Retype every entry below without any change.

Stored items
•••
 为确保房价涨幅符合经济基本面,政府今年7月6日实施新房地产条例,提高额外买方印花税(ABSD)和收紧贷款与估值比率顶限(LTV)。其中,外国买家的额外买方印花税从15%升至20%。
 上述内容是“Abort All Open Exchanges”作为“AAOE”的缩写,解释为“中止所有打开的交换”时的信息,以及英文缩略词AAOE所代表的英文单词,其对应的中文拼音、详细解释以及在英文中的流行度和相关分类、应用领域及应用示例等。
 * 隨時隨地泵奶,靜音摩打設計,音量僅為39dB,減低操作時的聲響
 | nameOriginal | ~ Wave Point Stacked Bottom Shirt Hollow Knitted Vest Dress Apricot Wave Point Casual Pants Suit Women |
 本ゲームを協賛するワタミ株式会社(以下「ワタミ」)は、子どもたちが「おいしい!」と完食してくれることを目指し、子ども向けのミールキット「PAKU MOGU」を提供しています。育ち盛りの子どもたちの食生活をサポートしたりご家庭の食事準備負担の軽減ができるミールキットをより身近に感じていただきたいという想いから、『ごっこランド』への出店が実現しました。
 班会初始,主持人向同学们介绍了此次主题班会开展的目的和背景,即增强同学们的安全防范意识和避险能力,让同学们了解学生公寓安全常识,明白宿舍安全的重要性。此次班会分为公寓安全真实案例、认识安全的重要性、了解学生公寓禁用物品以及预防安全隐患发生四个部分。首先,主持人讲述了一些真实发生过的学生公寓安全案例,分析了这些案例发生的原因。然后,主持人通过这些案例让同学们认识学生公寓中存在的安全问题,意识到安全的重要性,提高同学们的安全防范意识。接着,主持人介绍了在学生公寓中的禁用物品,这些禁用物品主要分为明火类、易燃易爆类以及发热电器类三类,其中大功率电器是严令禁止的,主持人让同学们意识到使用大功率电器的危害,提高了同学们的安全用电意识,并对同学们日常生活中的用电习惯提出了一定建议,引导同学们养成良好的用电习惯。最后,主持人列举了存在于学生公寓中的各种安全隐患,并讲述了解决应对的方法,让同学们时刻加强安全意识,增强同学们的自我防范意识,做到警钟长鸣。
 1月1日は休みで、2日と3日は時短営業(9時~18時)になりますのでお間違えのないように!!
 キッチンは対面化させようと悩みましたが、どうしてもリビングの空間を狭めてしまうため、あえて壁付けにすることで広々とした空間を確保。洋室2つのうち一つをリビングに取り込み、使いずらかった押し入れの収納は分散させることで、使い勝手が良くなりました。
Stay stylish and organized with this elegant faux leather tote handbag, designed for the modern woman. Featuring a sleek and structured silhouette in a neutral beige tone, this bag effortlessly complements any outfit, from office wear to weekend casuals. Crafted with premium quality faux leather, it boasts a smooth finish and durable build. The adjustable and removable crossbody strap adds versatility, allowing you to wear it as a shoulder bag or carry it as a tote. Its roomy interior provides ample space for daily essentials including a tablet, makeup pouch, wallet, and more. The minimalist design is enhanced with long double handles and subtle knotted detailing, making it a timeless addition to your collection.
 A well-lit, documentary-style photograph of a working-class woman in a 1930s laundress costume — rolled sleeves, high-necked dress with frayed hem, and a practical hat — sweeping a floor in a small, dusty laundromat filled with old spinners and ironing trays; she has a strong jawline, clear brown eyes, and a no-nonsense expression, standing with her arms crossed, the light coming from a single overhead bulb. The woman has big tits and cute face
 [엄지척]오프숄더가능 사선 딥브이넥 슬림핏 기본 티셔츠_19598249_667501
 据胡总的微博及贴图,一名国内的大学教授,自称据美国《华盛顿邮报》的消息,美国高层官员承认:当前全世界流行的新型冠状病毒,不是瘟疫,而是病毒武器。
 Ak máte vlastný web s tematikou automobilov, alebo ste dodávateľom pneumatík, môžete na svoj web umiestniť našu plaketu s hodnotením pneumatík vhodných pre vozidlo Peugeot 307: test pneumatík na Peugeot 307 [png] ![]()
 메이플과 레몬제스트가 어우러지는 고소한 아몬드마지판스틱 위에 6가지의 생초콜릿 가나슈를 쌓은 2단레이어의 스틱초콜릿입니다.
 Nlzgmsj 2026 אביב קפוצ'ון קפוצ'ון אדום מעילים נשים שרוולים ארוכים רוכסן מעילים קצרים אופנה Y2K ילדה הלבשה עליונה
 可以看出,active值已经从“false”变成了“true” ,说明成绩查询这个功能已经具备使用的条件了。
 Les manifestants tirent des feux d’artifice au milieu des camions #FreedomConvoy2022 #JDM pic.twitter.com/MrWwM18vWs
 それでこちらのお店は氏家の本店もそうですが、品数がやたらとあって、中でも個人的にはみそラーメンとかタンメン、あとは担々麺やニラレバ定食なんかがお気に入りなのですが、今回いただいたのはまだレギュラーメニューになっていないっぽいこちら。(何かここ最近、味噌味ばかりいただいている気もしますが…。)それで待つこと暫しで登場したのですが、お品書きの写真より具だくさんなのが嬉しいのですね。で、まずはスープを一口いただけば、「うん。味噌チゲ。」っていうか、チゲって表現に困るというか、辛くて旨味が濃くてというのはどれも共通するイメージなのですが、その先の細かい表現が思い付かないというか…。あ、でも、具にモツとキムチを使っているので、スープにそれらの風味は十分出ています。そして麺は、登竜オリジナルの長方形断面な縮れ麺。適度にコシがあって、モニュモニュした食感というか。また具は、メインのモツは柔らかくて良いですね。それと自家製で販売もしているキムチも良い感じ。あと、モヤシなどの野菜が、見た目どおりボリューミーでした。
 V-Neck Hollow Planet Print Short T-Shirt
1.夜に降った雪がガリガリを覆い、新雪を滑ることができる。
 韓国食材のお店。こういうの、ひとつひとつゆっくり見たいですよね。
•••
Response for this exercise:
 为确保房价涨幅符合经济基本面,政府今年7月6日实施新房地产条例,提高额外买方印花税(ABSD)和收紧贷款与估值比率顶限(LTV)。其中,外国买家的额外买方印花税从15%升至20%。
 上述内容是“Abort All Open Exchanges”作为“AAOE”的缩写,解释为“中止所有打开的交换”时的信息,以及英文缩略词AAOE所代表的英文单词,其对应的中文拼音、详细解释以及在英文中的流行度和相关分类、应用领域及应用示例等。
 * 隨時隨地泵奶,靜音摩打設計,音量僅為39dB,減低操作時的聲響
 | nameOriginal | ~ Wave Point Stacked Bottom Shirt Hollow Knitted Vest Dress Apricot Wave Point Casual Pants Suit Women |
 本ゲームを協賛するワタミ株式会社(以下「ワタミ」)は、子どもたちが「おいしい!」と完食してくれることを目指し、子ども向けのミールキット「PAKU MOGU」を提供しています。育ち盛りの子どもたちの食生活をサポートしたりご家庭の食事準備負担の軽減ができるミールキットをより身近に感じていただきたいという想いから、『ごっこランド』への出店が実現しました。
 班会初始,主持人向同学们介绍了此次主题班会开展的目的和背景,即增强同学们的安全防范意识和避险能力,让同学们了解学生公寓安全常识,明白宿舍安全的重要性。此次班会分为公寓安全真实案例、认识安全的重要性、了解学生公寓禁用物品以及预防安全隐患发生四个部分。首先,主持人讲述了一些真实发生过的学生公寓安全案例,分析了这些案例发生的原因。然后,主持人通过这些案例让同学们认识学生公寓中存在的安全问题,意识到安全的重要性,提高同学们的安全防范意识。接着,主持人介绍了在学生公寓中的禁用物品,这些禁用物品主要分为明火类、易燃易爆类以及发热电器类三类,其中大功率电器是严令禁止的,主持人让同学们意识到使用大功率电器的危害,提高了同学们的安全用电意识,并对同学们日常生活中的用电习惯提出了一定建议,引导同学们养成良好的用电习惯。最后,主持人列举了存在于学生公寓中的各种安全隐患,并讲述了解决应对的方法,让同学们时刻加强安全意识,增强同学们的自我防范意识,做到警钟长鸣。
 1月1日は休みで、2日と3日は時短営業(9時~18時)になりますのでお間違えのないように!!
 キッチンは対面化させようと悩みましたが、どうしてもリビングの空間を狭めてしまうため、あえて壁付けにすることで広々とした空間を確保。洋室2つのうち一つをリビングに取り込み、使いずらかった押し入れの収納は分散させることで、使い勝手が良くなりました。
Stay stylish and organized with this elegant faux leather tote handbag, designed for the modern woman. Featuring a sleek and structured silhouette in a neutral beige tone, this bag effortlessly complements any outfit, from office wear to weekend casuals. Crafted with premium quality faux leather, it boasts a smooth finish and durable build. The adjustable and removable crossbody strap adds versatility, allowing you to wear it as a shoulder bag or carry it as a tote. Its roomy interior provides ample space for daily essentials including a tablet, makeup pouch, wallet, and more. The minimalist design is enhanced with long double handles and subtle knotted detailing, making it a timeless addition to your collection.
 A well-lit, documentary-style photograph of a working-class woman in a 1930s laundress costume — rolled sleeves, high-necked dress with frayed hem, and a practical hat — sweeping a floor in a small, dusty laundromat filled with old spinners and ironing trays; she has a strong jawline, clear brown eyes, and a no-nonsense expression, standing with her arms crossed, the light coming from a single overhead bulb. The woman has big tits and cute face
 [엄지척]오프숄더가능 사선 딥브이넥 슬림핏 기본 티셔츠_19598249_667501
 据胡总的微博及贴图,一名国内的大学教授,自称据美国《华盛顿邮报》的消息,美国高层官员承认:当前全世界流行的新型冠状病毒,不是瘟疫,而是病毒武器。
 Ak máte vlastný web s tematikou automobilov, alebo ste dodávateľom pneumatík, môžete na svoj web umiestniť našu plaketu s hodnotením pneumatík vhodných pre vozidlo Peugeot 307: test pneumatík na Peugeot 307 [png] ![]()
 메이플과 레몬제스트가 어우러지는 고소한 아몬드마지판스틱 위에 6가지의 생초콜릿 가나슈를 쌓은 2단레이어의 스틱초콜릿입니다.
 Nlzgmsj 2026 אביב קפוצ'ון קפוצ'ון אדום מעילים נשים שרוולים ארוכים רוכסן מעילים קצרים אופנה Y2K ילדה הלבשה עליונה
 可以看出,active值已经从“false”变成了“true” ,说明成绩查询这个功能已经具备使用的条件了。
 Les manifestants tirent des feux d’artifice au milieu des camions #FreedomConvoy2022 #JDM pic.twitter.com/MrWwM18vWs
 それでこちらのお店は氏家の本店もそうですが、品数がやたらとあって、中でも個人的にはみそラーメンとかタンメン、あとは担々麺やニラレバ定食なんかがお気に入りなのですが、今回いただいたのはまだレギュラーメニューになっていないっぽいこちら。(何かここ最近、味噌味ばかりいただいている気もしますが…。)それで待つこと暫しで登場したのですが、お品書きの写真より具だくさんなのが嬉しいのですね。で、まずはスープを一口いただけば、「うん。味噌チゲ。」っていうか、チゲって表現に困るというか、辛くて旨味が濃くてというのはどれも共通するイメージなのですが、その先の細かい表現が思い付かないというか…。あ、でも、具にモツとキムチを使っているので、スープにそれらの風味は十分出ています。そして麺は、登竜オリジナルの長方形断面な縮れ麺。適度にコシがあって、モニュモニュした食感というか。また具は、メインのモツは柔らかくて良いですね。それと自家製で販売もしているキムチも良い感じ。あと、モヤシなどの野菜が、見た目どおりボリューミーでした。
 V-Neck Hollow Planet Print Short T-Shirt
1.夜に降った雪がガリガリを覆い、新雪を滑ることができる。
 韓国食材のお店。こういうの、ひとつひとつゆっくり見たいですよね。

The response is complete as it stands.